# Directions:
Beginning at the line containing "Полотенцесушитель электрический Стилье" in the material below and ending at the line containing "LME此前曾表示,如果在該交", return each line exactly and add nothing.

# Dataset entries:
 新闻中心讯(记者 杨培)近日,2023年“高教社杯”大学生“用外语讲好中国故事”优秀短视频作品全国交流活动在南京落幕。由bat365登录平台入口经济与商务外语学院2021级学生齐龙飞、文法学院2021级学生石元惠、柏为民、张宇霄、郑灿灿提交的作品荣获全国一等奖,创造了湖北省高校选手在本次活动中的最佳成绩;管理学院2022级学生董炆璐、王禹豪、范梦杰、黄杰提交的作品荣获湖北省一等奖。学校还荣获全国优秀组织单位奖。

--

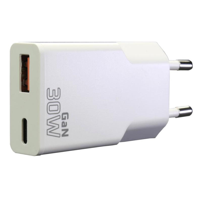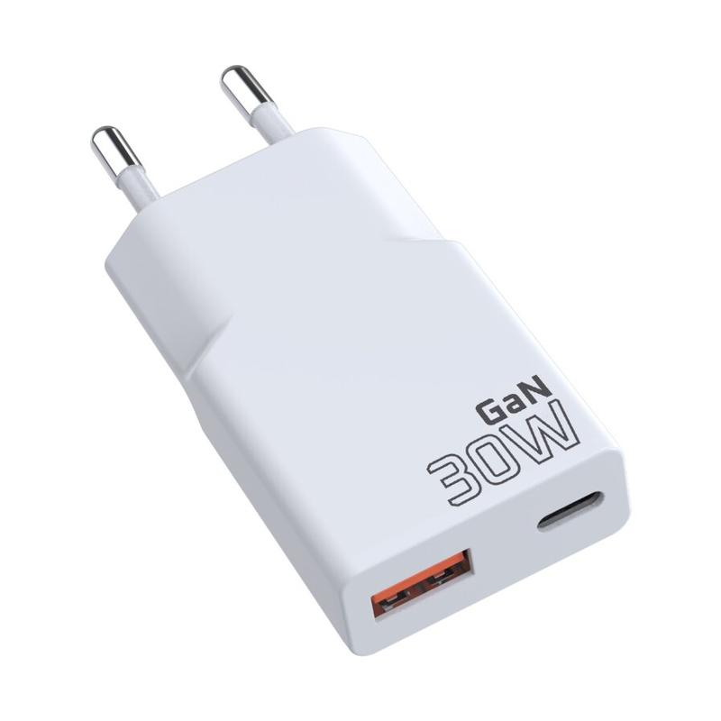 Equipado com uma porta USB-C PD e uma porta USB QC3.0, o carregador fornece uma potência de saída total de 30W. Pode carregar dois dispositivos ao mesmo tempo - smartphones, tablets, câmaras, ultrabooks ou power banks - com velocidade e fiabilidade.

--

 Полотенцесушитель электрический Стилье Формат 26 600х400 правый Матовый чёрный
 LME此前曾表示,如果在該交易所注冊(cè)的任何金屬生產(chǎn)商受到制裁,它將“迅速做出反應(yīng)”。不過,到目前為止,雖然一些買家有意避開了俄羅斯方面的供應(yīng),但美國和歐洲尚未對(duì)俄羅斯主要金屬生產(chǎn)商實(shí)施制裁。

# Output for this task:
 Полотенцесушитель электрический Стилье Формат 26 600х400 правый Матовый чёрный
 LME此前曾表示,如果在該交易所注冊(cè)的任何金屬生產(chǎn)商受到制裁,它將“迅速做出反應(yīng)”。不過,到目前為止,雖然一些買家有意避開了俄羅斯方面的供應(yīng),但美國和歐洲尚未對(duì)俄羅斯主要金屬生產(chǎn)商實(shí)施制裁。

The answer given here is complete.